Soggetti dell'arte del Paleolitico

Durante il Paleolitico vengono rappresentati animali e figure umane, soprattutto femminili.
Gli animali rappresentano il principale mezzo di sostentamento dell'uomo preistorico ma sono anche oggetto di osservazione e di conoscenza sulle caratteristiche, sulle forme e sui comportamenti. Questi aspetti, che sono anche la prima forma di conoscenza scientifica e quindi di una cultura naturalistica, si manifestano nelle opere. Gli animali sono i protagonisti sia nelle pitture rupestri, sia in scultura: nei rilievi parietali e in piccole sculture in pietra, osso, avorio o nei monili. Forse gli animali erano legati anche a qualche forma religiosa o comunque erano considerati anche per le loro qualità e caratteristiche (ad es. forza, coraggio, velocità, ecc..)

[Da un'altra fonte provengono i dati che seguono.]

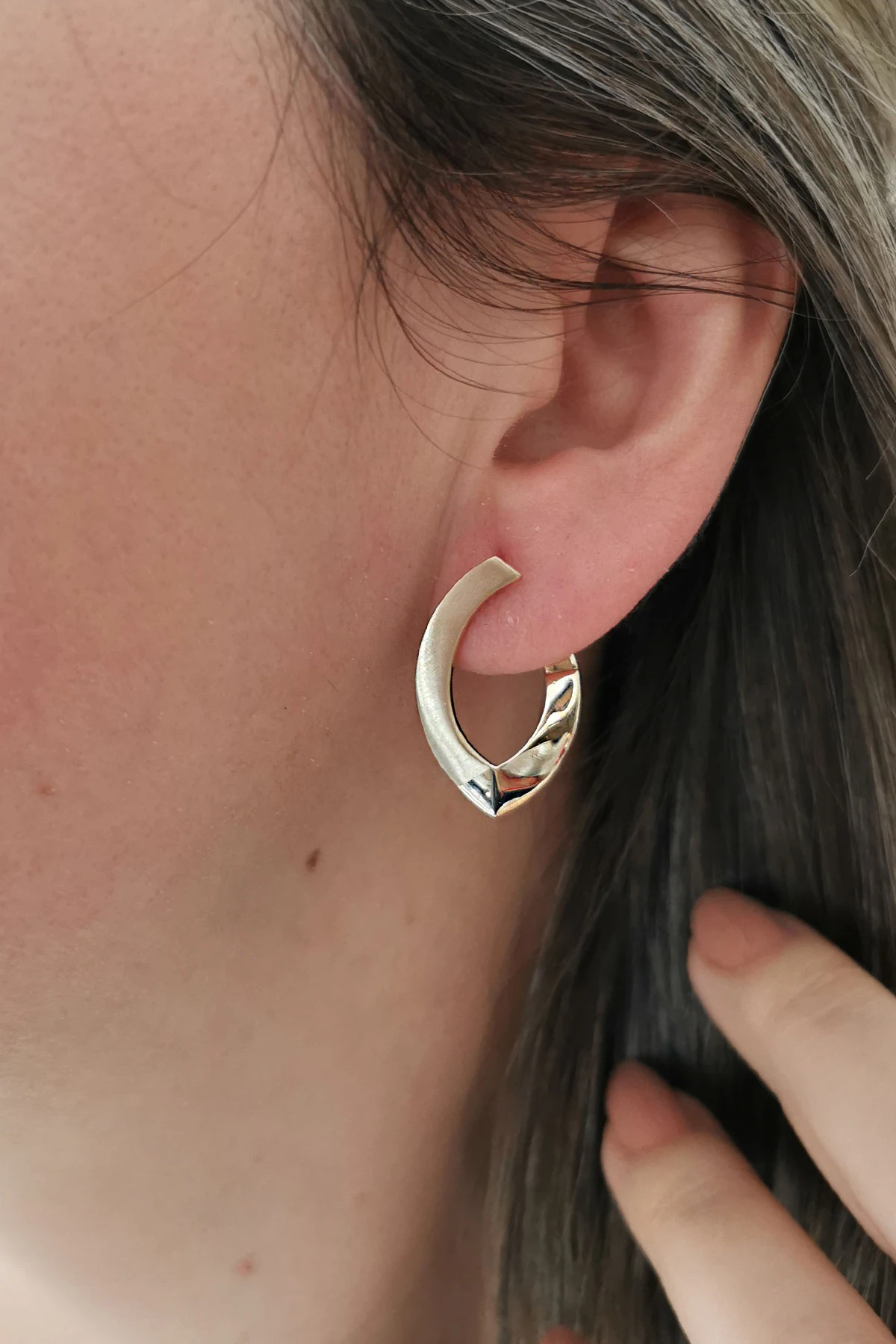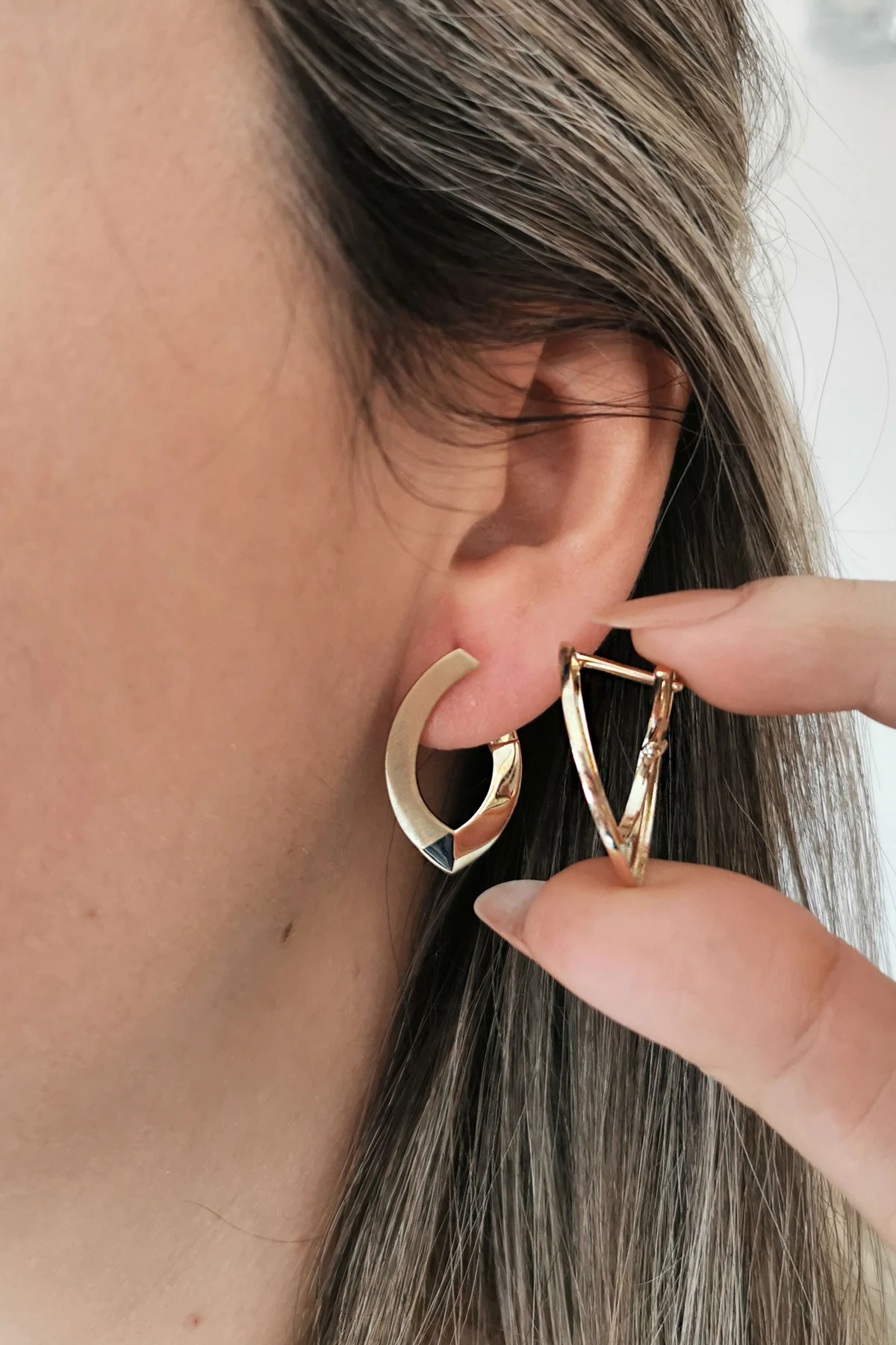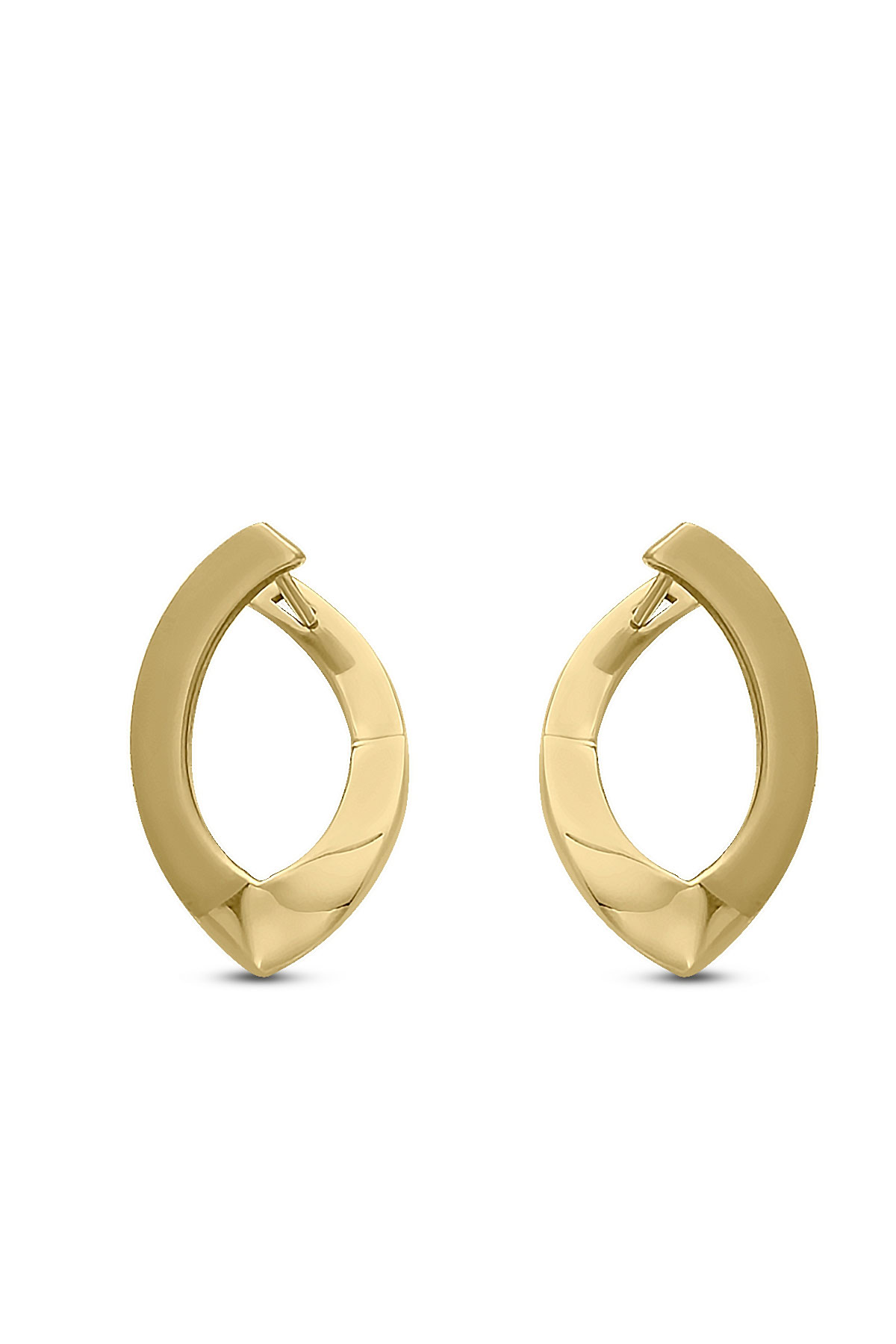 14 Ayar 2.8 cm modern, şık ve farklı tasarımı ile şahane modern bir duruşa da sahip gösterişli ve sade günlük kullanıma uygun 4.80 gram ağırlığında mekik model taşsız altın küpe.

La figura femminile, in realtà non rappresenta una “donna”, un individuo particolare o un essere umano, ma il concetto astratto della dea madre.  Le numerose statuette femminili ritrovate dall'archeologia corrispondono quindi ad una prima forma di religiosità. Sia dalle caratteristiche che dalle dimensioni ridotte si deduce che questi oggetti erano considerati importanti, da portare sempre appresso, probabilmente si trattava di idoli protettivi. Sono le cosiddette “veneri” preistoriche e sono state ritrovate nei luoghi abitativi (grotte in cui sono presenti tracce di vita domestica) e nei luoghi sacri (caverne dipinte in cui sono presenti anche oggetti rituali).
La tradizione delle veneri proseguirà ancora per molto tempo, giungendo fino alle prime civiltà. Nel Neolitico queste statuette venivano conficcate nel terreno per proteggere il raccolto.

Le tecniche dell'arte paleolitica

Incisione e scultura

Le tecniche dell'incisione (solchi praticati con un attrezzo tagliente per creare un disegno), della punteggiatura (ottenuta colpendo con una punta per ottenere dei punti in incavo o una superficie scabra) , della perforazione (usata soprattutto per i monili) e del rilievo (modulazione di una superficie in modo da ottenere parti sporgenti e parti rientranti a profondità diverse), potevano essere praticate sia su grandi dimensioni, come sulle pareti rocciose, sia su piccole superfici, ad es. su sassi o oggetti piccoli, come i monili.
Per la scultura a tutto tondo (cioè lavorata tutta attorno a 360°) sono stati trovati solo esempi di oggetti di piccole dimensioni, come ad es. le veneri.

Tutte queste tecniche venivano praticate con attrezzi in pietra scheggiata: i chopper e le amigdale.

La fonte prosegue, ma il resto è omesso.